Entries shown:
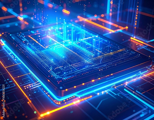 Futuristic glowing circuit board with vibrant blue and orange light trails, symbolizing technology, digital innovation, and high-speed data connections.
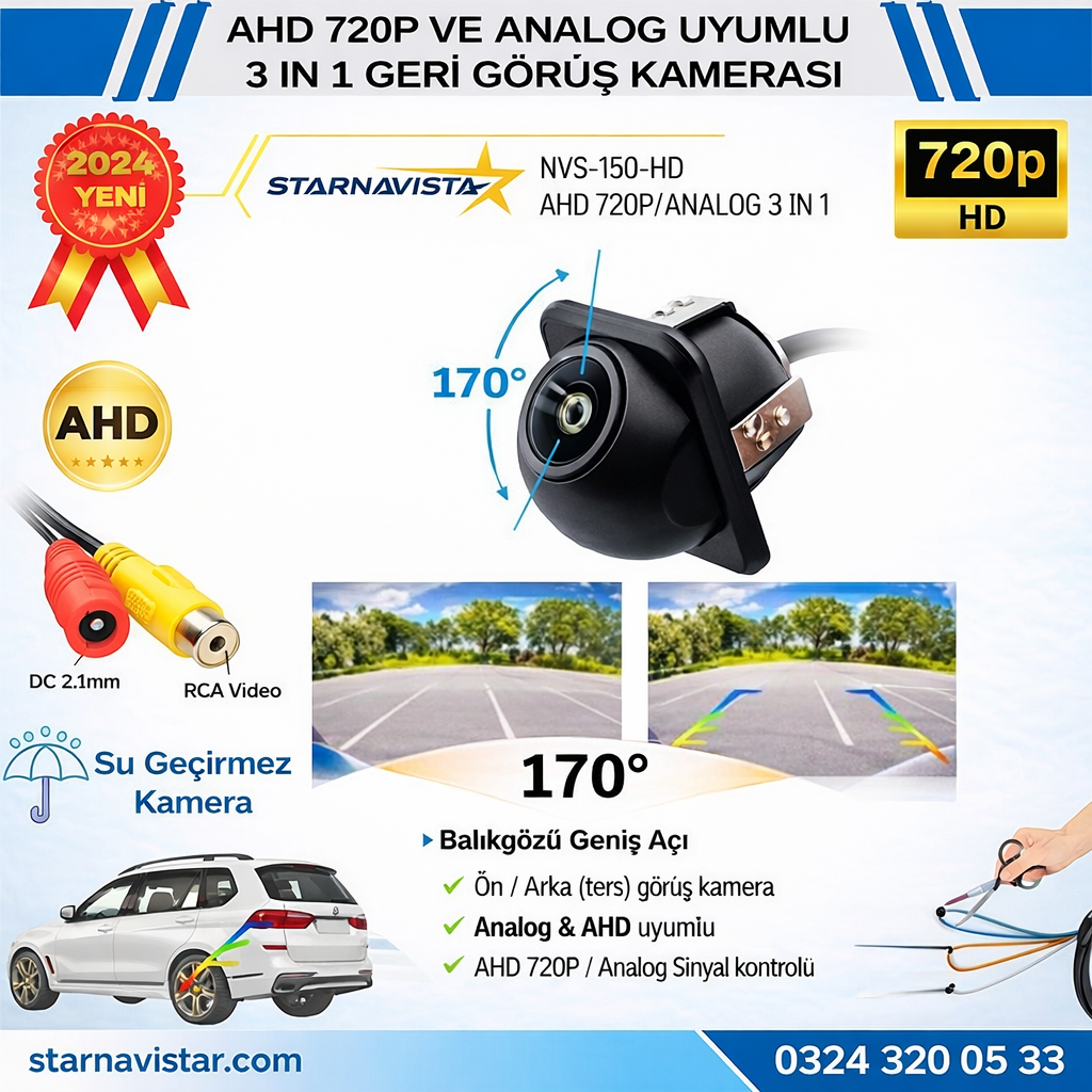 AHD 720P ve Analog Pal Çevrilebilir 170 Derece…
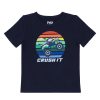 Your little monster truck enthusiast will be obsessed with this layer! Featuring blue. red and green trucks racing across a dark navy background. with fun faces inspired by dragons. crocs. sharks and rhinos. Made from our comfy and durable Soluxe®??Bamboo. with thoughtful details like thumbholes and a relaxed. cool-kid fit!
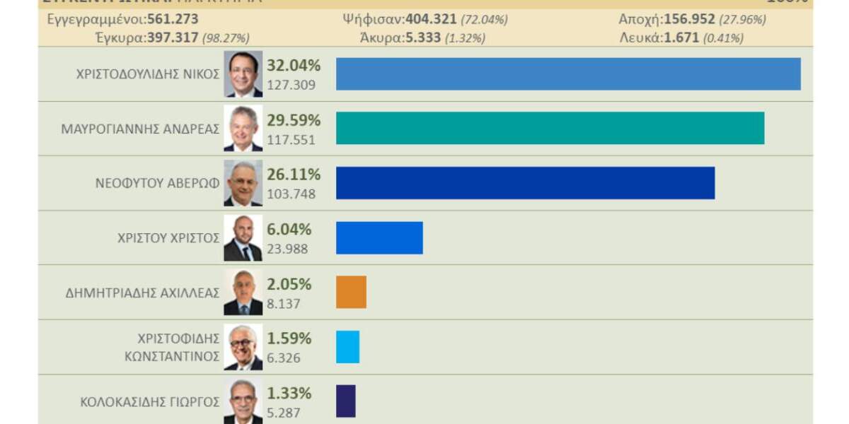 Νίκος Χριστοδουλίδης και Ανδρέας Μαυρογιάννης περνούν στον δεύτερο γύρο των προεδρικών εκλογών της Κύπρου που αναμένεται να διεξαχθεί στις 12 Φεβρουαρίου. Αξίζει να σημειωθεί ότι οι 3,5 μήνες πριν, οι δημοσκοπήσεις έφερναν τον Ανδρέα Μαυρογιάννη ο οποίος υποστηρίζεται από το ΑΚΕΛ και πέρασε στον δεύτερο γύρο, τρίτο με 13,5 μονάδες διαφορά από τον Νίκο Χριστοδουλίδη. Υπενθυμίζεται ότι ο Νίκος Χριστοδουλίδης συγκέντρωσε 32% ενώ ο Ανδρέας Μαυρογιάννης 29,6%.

--

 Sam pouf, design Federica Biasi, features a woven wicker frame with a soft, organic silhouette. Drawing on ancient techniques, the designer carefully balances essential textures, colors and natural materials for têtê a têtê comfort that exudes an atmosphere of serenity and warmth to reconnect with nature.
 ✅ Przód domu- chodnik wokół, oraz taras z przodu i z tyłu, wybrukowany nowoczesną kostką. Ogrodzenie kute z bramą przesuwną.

Task brief: Give the lines above again exactly, from the one containing "Your little monster" to the one containing "Νίκος Χριστοδουλίδης και", both included, but leave out the pictures.

Reply to the task:
 Your little monster truck enthusiast will be obsessed with this layer! Featuring blue. red and green trucks racing across a dark navy background. with fun faces inspired by dragons. crocs. sharks and rhinos. Made from our comfy and durable Soluxe®??Bamboo. with thoughtful details like thumbholes and a relaxed. cool-kid fit!
 Νίκος Χριστοδουλίδης και Ανδρέας Μαυρογιάννης περνούν στον δεύτερο γύρο των προεδρικών εκλογών της Κύπρου που αναμένεται να διεξαχθεί στις 12 Φεβρουαρίου. Αξίζει να σημειωθεί ότι οι 3,5 μήνες πριν, οι δημοσκοπήσεις έφερναν τον Ανδρέα Μαυρογιάννη ο οποίος υποστηρίζεται από το ΑΚΕΛ και πέρασε στον δεύτερο γύρο, τρίτο με 13,5 μονάδες διαφορά από τον Νίκο Χριστοδουλίδη. Υπενθυμίζεται ότι ο Νίκος Χριστοδουλίδης συγκέντρωσε 32% ενώ ο Ανδρέας Μαυρογιάννης 29,6%.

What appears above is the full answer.